As it turns out, many clips of Christophe’s songs can be found on YouTube, which show his changing appearance (and stage persona) over the years.
Here I am posting clips featuring three performances of one of his best-known songs, Les Marionettes (1965), which have taken place over a period of thirty-five years.
The first one is an interesting video made long before the MTV age, in the 1960s, and showing the singer as a young boy, reminiscent to David Hemmings as seen in Antonioni’s Blowup (1966), who looks pretty much as if he has just left school and still plays with paper and string, making puppets.
The second one is from the 1980s, about 20 years later, a comeback after many turbulent events in the singer’s life. The voice is still the same, but Christophe has matured in look; he already has what is to become his trademark mustache. See on the background the references to Harley Davidson-type motorcycles and related paraphernalia from the American SouthWest, of the sort that he is known to have been fascinated with. This is a man who comes across somebody who is spending his winters near Grand Canyon or in New Mexico and who only puts on a suit for brief spells back to Europe. Also listen to the end to hear the American twists in this performance.
The last one is from a tamed performance of the song in 2002, weary and laid back. This is the cultish look that the singer had in the film with Depardieu.
The Wikipedia article on Christophe claims he was mostly influenced by American music. Maybe. To me, however, Les Marionettes sounds much more like the famous Belgian Adamo’s Tombe la neige and and Herve Vilard’s Capri c’est fini, both songs huge hits from the same 1965. I vaguely remember this music from my early years, I must have heard them for a first time around the time I was six or seven (they have either been on the radio or we probably had them on records at home, an example of distribution of Western culture behind the iron curtain).
The pop idol of my Bulgarian childhood, singer Emil Dimitrov, who I understand had achieved some popularity in France around the same time and who was also singing songs of marionettes and traveling artists (e.g. Arlekino), sounded very much the same. Arlekino, a link to which I embed here, was particularly important also because it later on became a break-through song for Russia’s mega-star Alla Pugachova and is still performed by younger Russian singers.
© Dina Iordanova
24 June 2008
Tags: France, Nostalgia, Popular culture, Popular music of the 1960s
October 21st, 2008 at 1:10 pm
Hello Dina,
Thank you for this interesting post!
I would like to add that Christophe has had an “up” in the past couple of years partly thanks to a very popular French reality show, La Nouvelle Star (a dozen of youngsters want to become famous singers and every week one of them is dismissed from the show by the audience). One of the winners of the contest did a remix of Christophe’s maybe most famous song, Les Mots Bleus. We have to address these TV shows too in order to understand of French popular culture…

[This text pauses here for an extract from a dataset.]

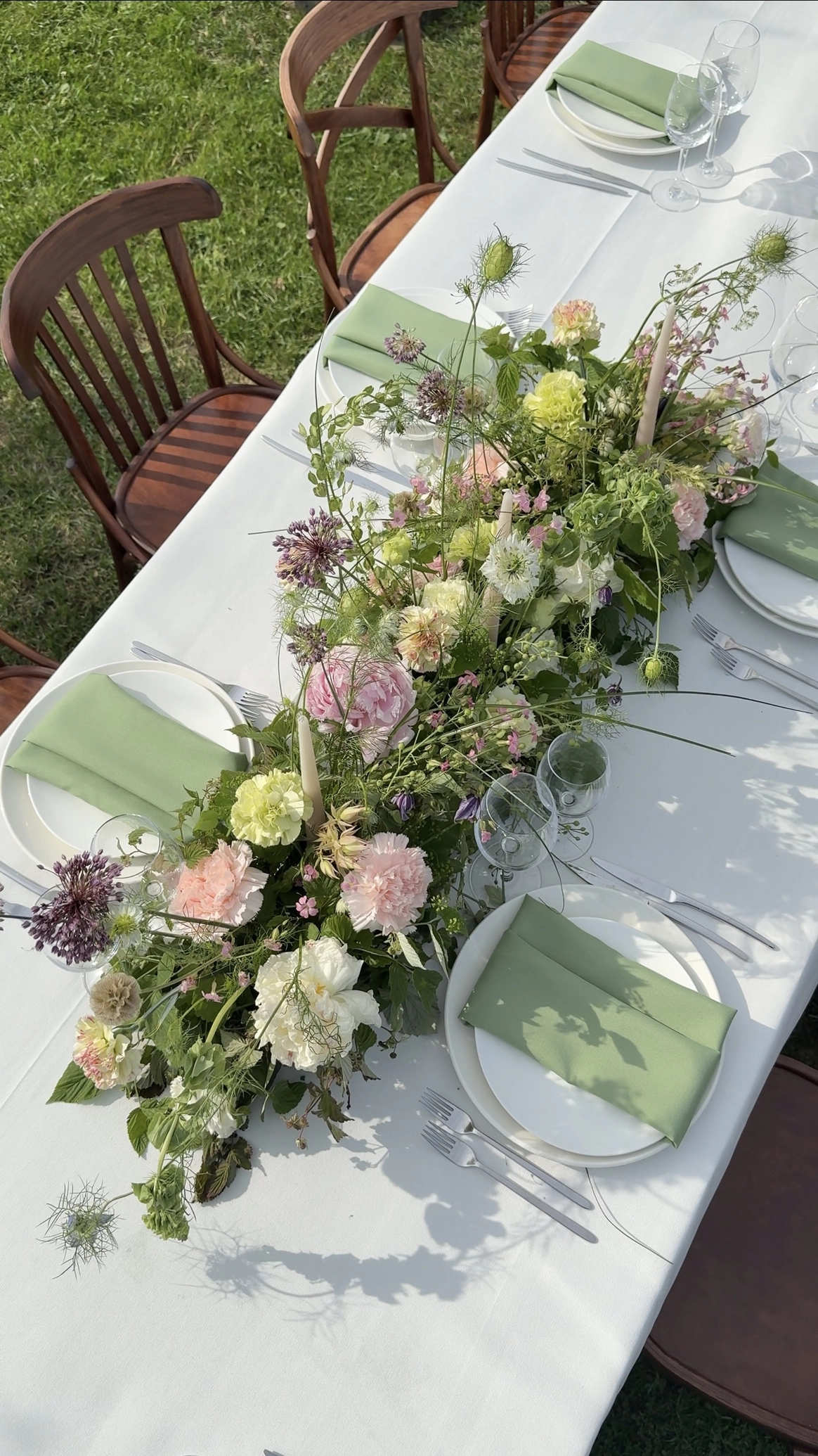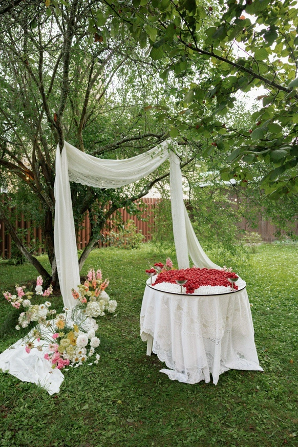Мы не создавали декорации "русской свадьбы", мы работали с настоящим пространством и настоящей историей. Церемония прошла под яблоней, под которой прошло детство невесты. На столах стоял бабушкин хрусталь и сервиз, композиции из садовых цветов.

See you soon, in Paris, Scotland or else!
Cecile
October 23rd, 2008 at 5:42 am
Hi Cecile, thank you for the note. Yes, I think I came across this other performance but did not know the context. La Nouvelle Star is a variation of UK programme called the X Factor and in the US the same thing is called American Idol, I think. The man behind the concept, Simon Cowell, is a big celebrity. Check it out with the new American friends. Hope Chicago is treating you well.